特に一番大変だったのが、会社の決算に関わる仕事でミスをした時です。
悩んで悩んで……、お世話になっていた作業所に相談に行き、一緒に解決方法を考えてもらって解決できたときに本当に安心できたことを非常によく覚えています。
やはり、就職後も、仕事について何らかのサポートを得られる体制があるのはありがたいものです。
これからも大変なことはあるとは思いますが、頑張ってこの仕事を続けていきたいと思っています。
まとめ
最近は発達障害者を対象としたマッチング求人が行われていると聞いたことがありますが、まだまだほんの一部の人が対象となっており、全体的にはまだまだ普及しているとは言い難い状況です。
発達障害を抱えながら生活を送っていくには、現代の日本では認知度もまだまだ低いと言わざるを得ない状況である上、周囲の理解度の低さから発達障害のことを打ち明けたところで「そんなものは関係ない、努力不足」と一蹴される場合もあります。
それでも、私たちは諦めずにコツコツと「周りとどう向き合って様々な対処方法を身につけていけばいいのか」という点を意識し、工夫していくしかありません。

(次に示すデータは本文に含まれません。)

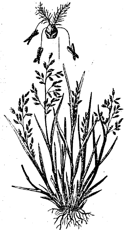
Рис. 15. Мятликъ ( Poa annua ).

Другое средство для сокращенія времени кормленія, это — смачиваніе сѣна; что этимъ средствомъ достигается цѣль, это не подлежитъ сомнѣ-

私たちの努力が実を結び、発達障害について真に理解を得ることができたとき、発達障害者たちはその生きづらさを解消していくことが出来るのかもしれません。
もちろんどうしてもうまくいかない点も多々ありますし、発達障害者が周囲に配慮を求める場面も出てきますが、その中で、発達障害者と健常者がお互いに「こんな考え方もあるんだ」とそれぞれの考え方を知り、成長の糧としていくことが大切だと私は考えています。
そうすることで、お互いのことをよく知っていくことができるのだ、と。
発達障害者の考え方や特性による悩みを健常者の皆さんに知ってもらうことが、私たちの生きづらい生活や気持ちに光を当ててくれる具体的な解決法であり、お互いが気持ちよく生活できる未来への第一歩だと私は信じています。
お互いの「常識やルール」があってぎくしゃくすることも少なくありませんが、うまくいかない問題点を皆でじっくりと話し合い、一緒に解決していける社会が実現できるよう私は努力を続けていきたいと思っています。
また、そのような未来を心から願っています。